Het gedrag van veroordeelde is over het algemeen goed te noemen. Hij is in staat om hulpvragen op een normale manier te stellen, maar het antwoord begrijpen kost hem soms moeite. Het is soms noodzakelijk om dingen te herhalen voordat het kwartje valt. Veroordeelde zegt gemotiveerd te zijn om iets van zijn leven te maken, maar hij laat dit moeilijk in zijn houding zien.
De onderwijzer van de P.I. [Locatie te plaats] heeft gerapporteerd dat verdachte voortdurend moet worden aangespoord om serieus aan het werk te gaan. Hij is vooral bezig met de dagbesteding buiten de muren. Daarnaast stelt hij zich heel nonchalant op.
Conclusie en advies van de P.I. [Locatie te plaats]
Het advies is om de ISD-maatregel voort te zetten om verder te werken aan huisvesting, dagbesteding, persoonlijkheidsproblematiek en inkomen, omdat het recidiverisico nog hoog is.
2.2
Het advies van de deskundige
De deskundige [deskundige] heeft het advies tot voortzetting van de ISD-maatregel bij de behandeling in openbare raadkamer toegelicht. Zij heeft verklaard dat ze zich zorgen maakt. Veroordeelde kan zich moeilijk aan afspraken houden en komt vaak te laat, waarbij hij telkens een ander excuus heeft. Tegelijkertijd beseft zij, mede door de beperking van veroordeelde, dat het meer een kwestie is van niet kunnen dan van niet willen. Toch concludeert zij dat veroordeelde de verantwoordelijkheden en vrijheden die hem worden geboden, zoals de dagbesteding bij [naam] , niet aankan. De vraag rijst of veroordeelde intensievere begeleiding nodig heeft. Mede hierom wordt gewerkt naar een traject met beschermd wonen.
Tevens heeft de deskundige opgemerkt dat veroordeelde alleen maar meer verlof wil. Zij is echter van mening dat verlof moet worden verdiend en dat veroordeelde moet laten zien dat hij kan omgaan met vrijheden en verantwoordelijkheden. Dat inzicht heeft hij echter niet.

3.De standpunten

3.1
Het standpunt van de officier van justitie
De officier van justitie vindt dat de tenuitvoerlegging van de ISD-maatregel moet worden voortgezet. Het rapport van de P.I. [Locatie te plaats] is duidelijk. Een aantal zaken is opgepakt en hetgeen niet is opgepakt, is te wijten aan veroordeelde. Hij heeft veel problemen en de ISD-maatregel is het beste kader om die problemen aan te pakken. Er kan worden toegewerkt naar begeleid wonen.
De officier verzet zich niet tegen een nieuwe tussentijdse toetsing ex artikel 38s Sr.
3.2
Het standpunt van de raadsvrouw van veroordeelde
De raadsvrouw van veroordeelde verzoekt niet – in tegenstelling tot veroordeelde zelf – de opheffing van de ISD-maatregel. Het belangrijkst is dat veroordeelde door middel van die maatregel zo snel mogelijk beschermd kan wonen. Hij is daar, gelet op zijn beperking en het feit dat hij pas 20 jaar is, beter op zijn plek dan in de P.I.
Wanneer veroordeelde niet beschermd kan wonen en wordt afgewezen, is er geen alternatief traject voor hem beschikbaar. De raadsvrouw verzoekt daarom om over zes maanden opnieuw een tussentijdse toets te gelasten.

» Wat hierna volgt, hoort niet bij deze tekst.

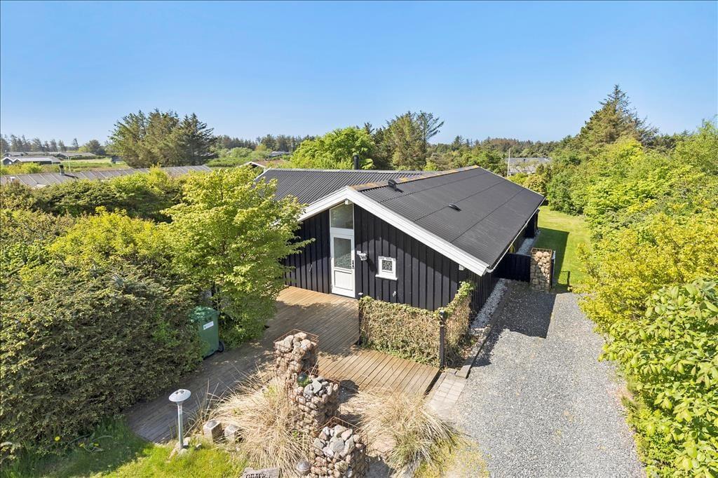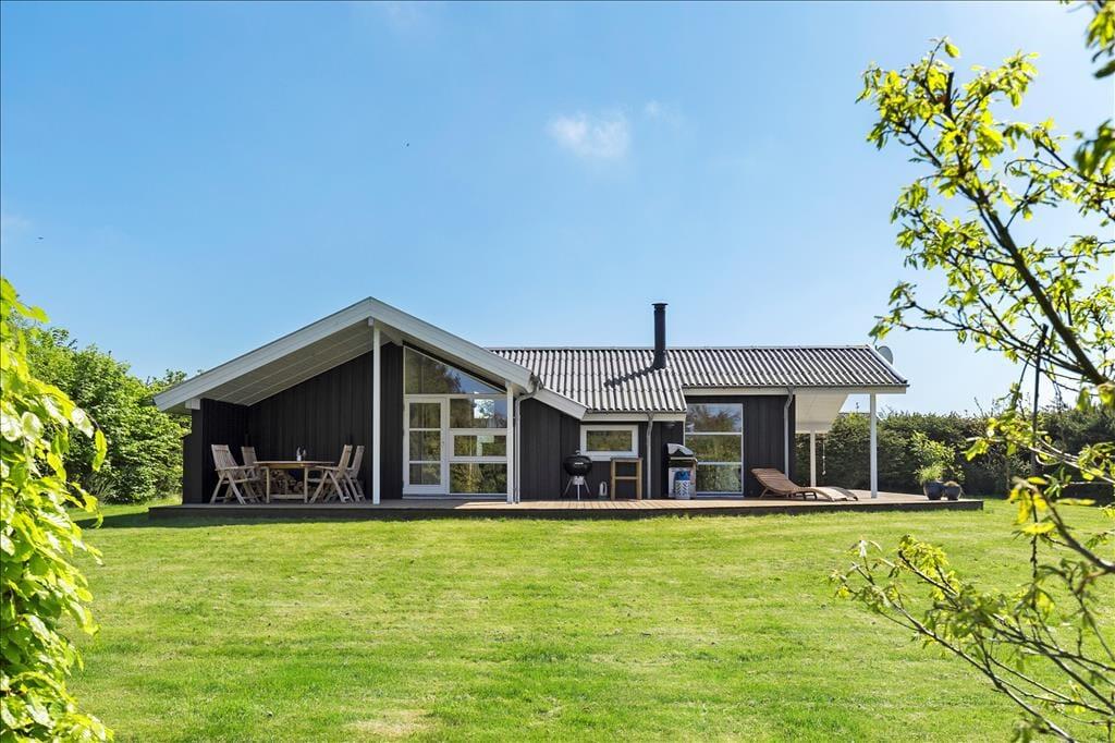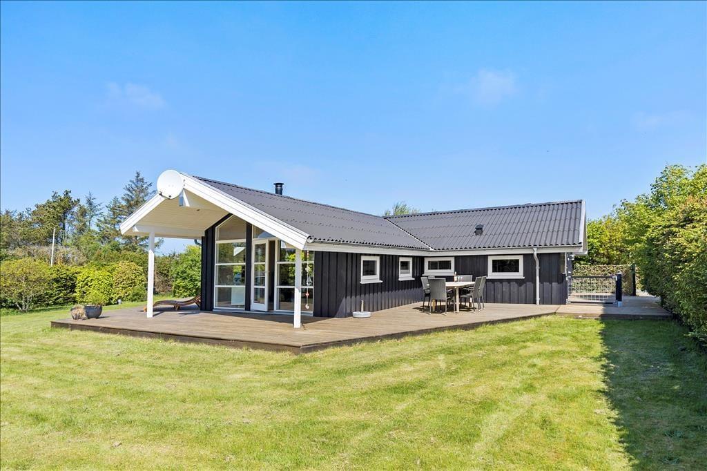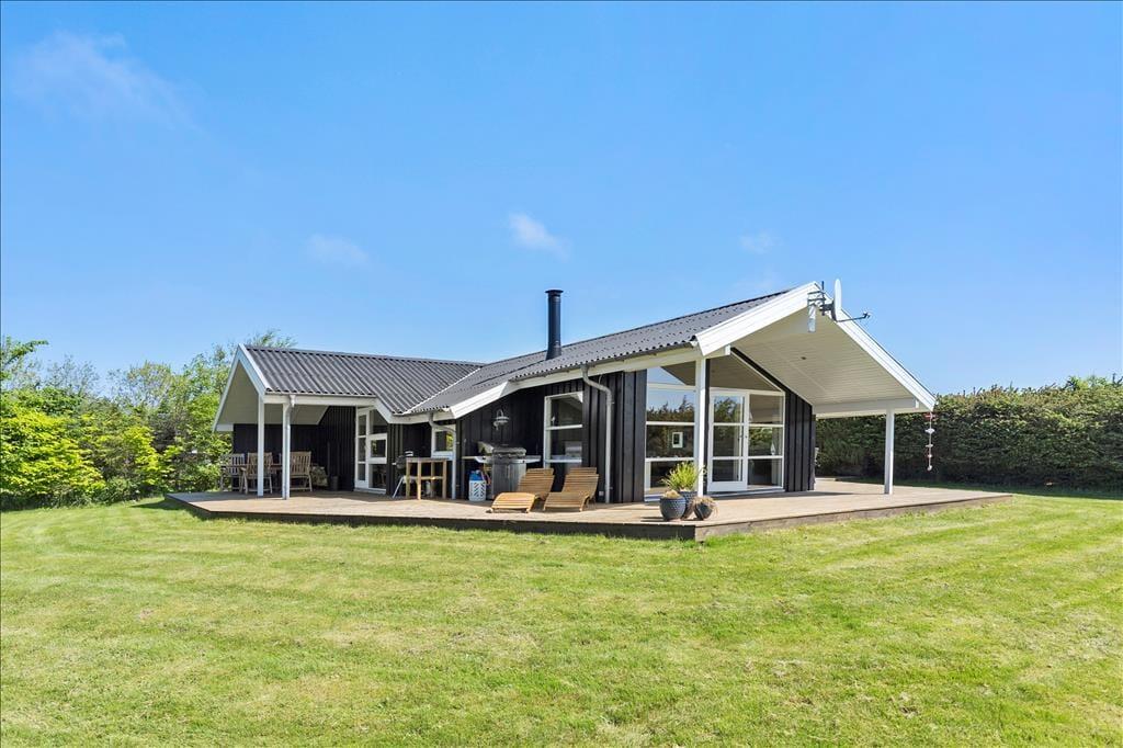Das Haus ist von einer großen, zusammenhängenden Holzterrasse umgeben, die das Leben im Freien wirklich in Szene setzt. Hier könnt ihr der Sonne im Laufe des Tages folgen – von den ersten Sonnenstrahlen bei der Morgenkaffee, über die Mittagszeit und das Mittagessen bis hin zum Abend, wenn der Grill angezündet wird. Die Zeit dazwischen? Sie kann auf einer Liege mit einem guten Krimi oder bei Spielen und Ballspielen auf dem großen Rasen verbracht werden. Der Garten ist im Allgemeinen eine ganz private Oase, die auf allen Seiten durch Randbepflanzung gut geschützt ist – perfekt für diejenigen, die Ruhe und Entspannung im Urlaub suchen.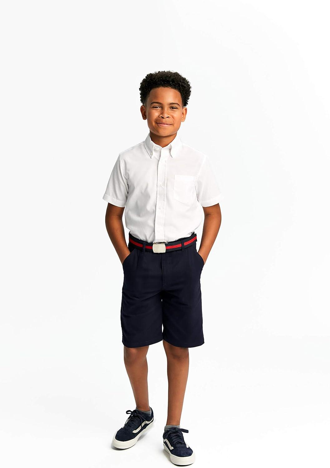 French Toast Men’s Short Sleeve Poplin Dress Shirt(White Stretch)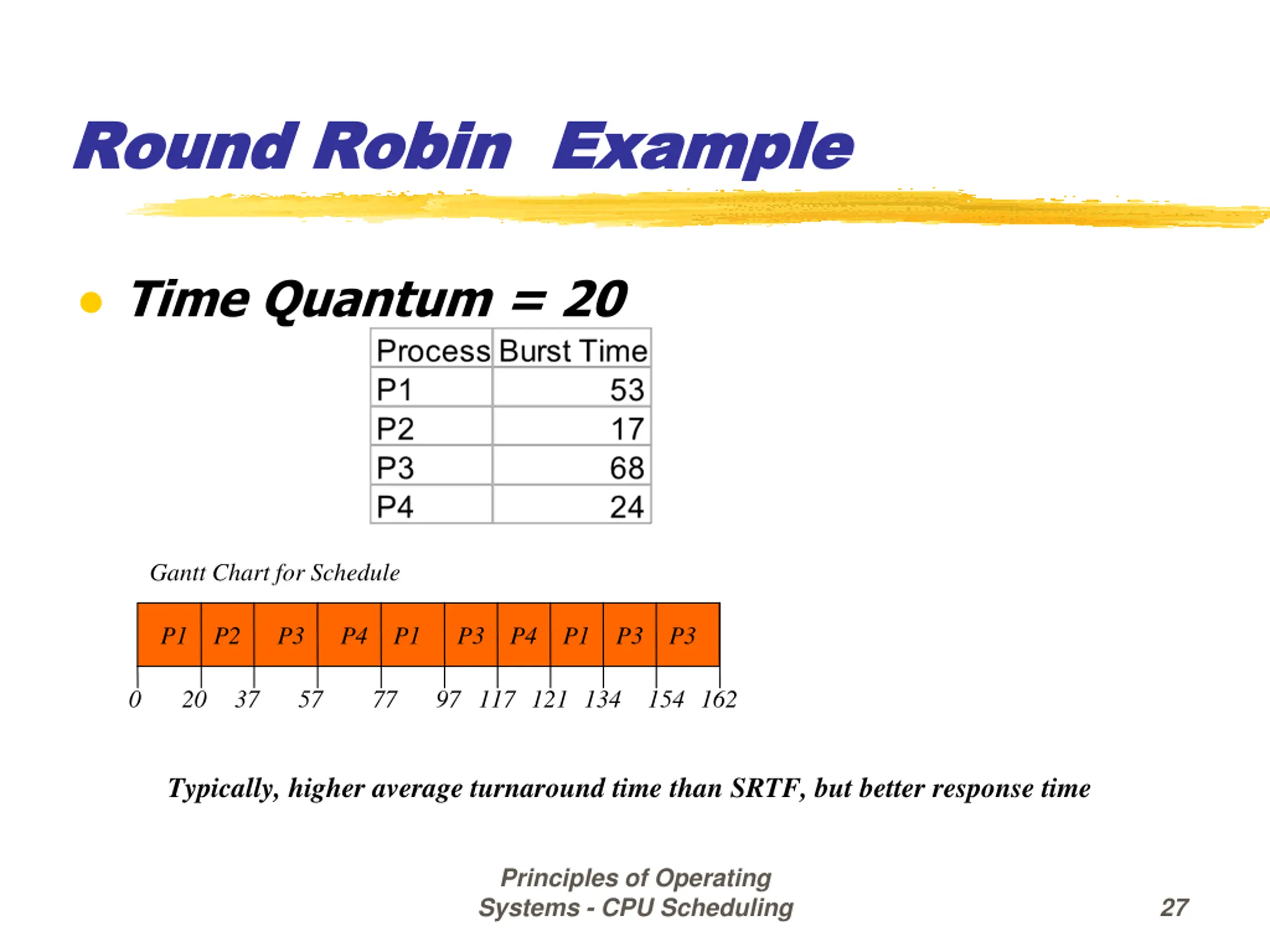 Round Robin Example Round Robin Example Time Quantum = 20 Gantt Chart for Schedule P1 P2 P3 P4 P1 P3 P4 P1 P3 P3 0 20 37 57 77 97 117 121 134 154 162 Typically, higher average turnaround time than SRTF, but better response time Principles of Operating Systems - CPU Scheduling 27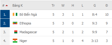 Phong độ và thống kê đối đầu gần đây Madagascar vs Niger:
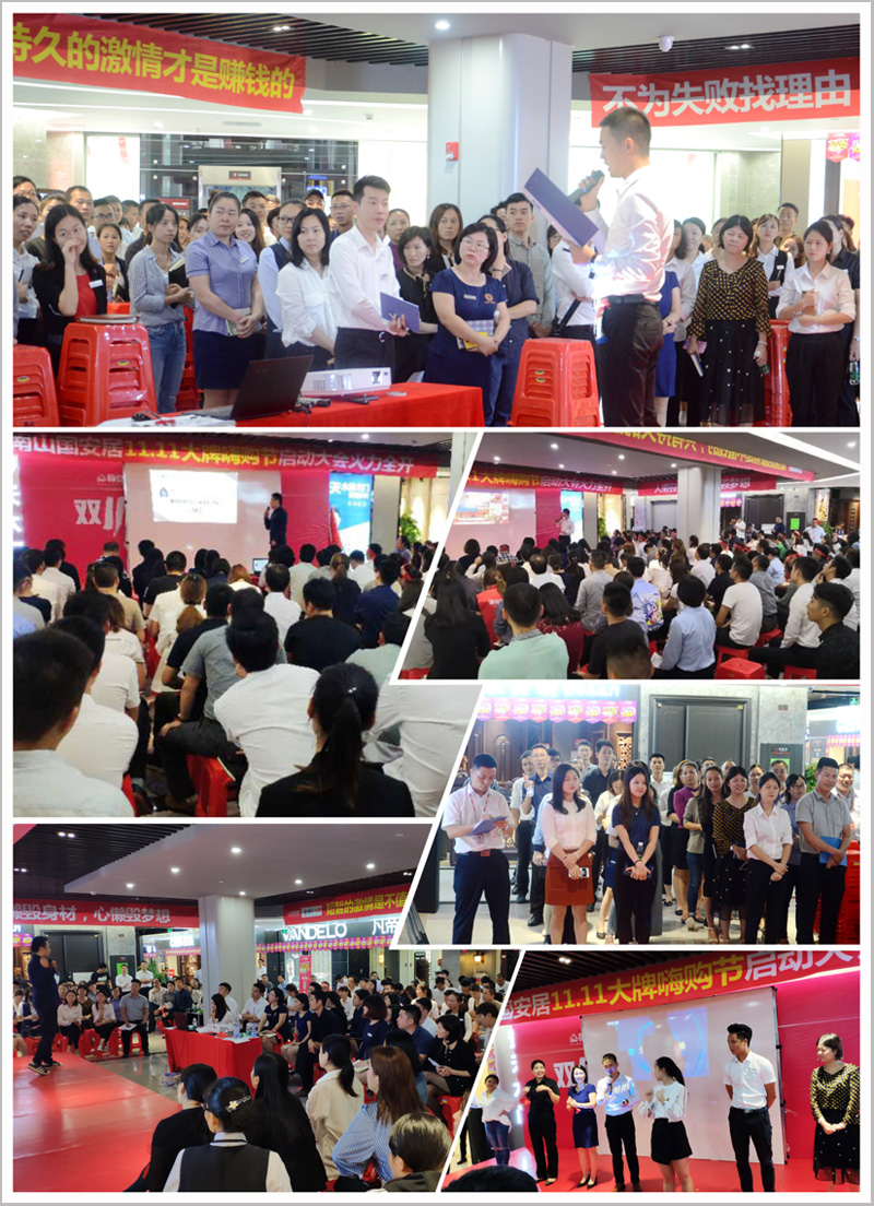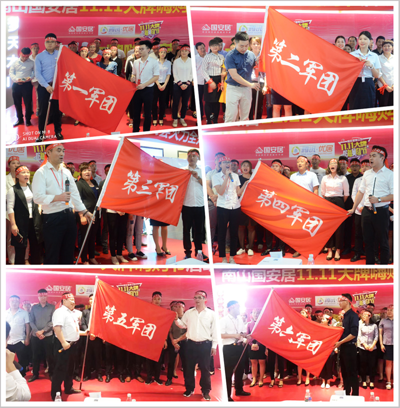 隨后,來(lái)自南山店全體方陣隊(duì)員高舉隊(duì)旗,高喊口號(hào),將現(xiàn)場(chǎng)氣氛推向高潮,品牌代表們紛紛上臺(tái)發(fā)言,幾百家建材家具品牌以第一軍團(tuán)、第二軍團(tuán)、第三軍團(tuán)、第四軍團(tuán)、等等團(tuán)隊(duì)方陣,登場(chǎng)亮相,高呼團(tuán)隊(duì)口號(hào),并且當(dāng)場(chǎng)簽署了“雙11大促”的軍令狀,并從商場(chǎng)負(fù)責(zé)人手中接過(guò)了“雙11大促”的軍旗,這將預(yù)示著“國(guó)安居南山店&騰訊優(yōu)居雙11大牌嗨購(gòu)節(jié)”定將以卓越的佳績(jī),創(chuàng)造新一輪的銷售盛況!

4.Het oordeel van de rechtbank

De rechtbank beëindigt de ISD-maatregel niet en zal uitleggen waarom.
De P.I. [Locatie te plaats] heeft duidelijk gerapporteerd dat er een plan is waarin wordt toegewerkt naar beschermd wonen. Veroordeelde heeft op de zitting ook verklaard dat dat is wat hij graag wil en dat dat ook goed voor hem zou zijn. De rechtbank is met de deskundige van oordeel dat het ISD-kader het beste kader voor veroordeelde is om toe te werken naar beschermd wonen. Eveneens is gebleken dat veroordeelde nog begeleiding nodig heeft.
De rechtbank ziet geen aanleiding om opnieuw een tussentijdse toets te gelasten, omdat de P.I. [Locatie te plaats] in haar rapport een duidelijk plan van aanpak beschrijft. Mocht de raadsvrouw dat nodig vinden dan kan zij later opnieuw om een toetsing vragen.
De rechtbank komt daarom, gezien artikel 38s van het Wetboek van Strafrecht, tot de volgende beslissing:
Voortzetting van de tenuitvoerlegging van de ISD-maatregel.
Deze beschikking is gegeven en uitgesproken op 30 januari 2018 in openbare raadkamer van deze rechtbank door:
mr. G.P.C. Janssen, voorzitter,
mrs. E. Dinjens en L. Dolfing, rechters,
in tegenwoordigheid van mr. D. Spaan, griffier.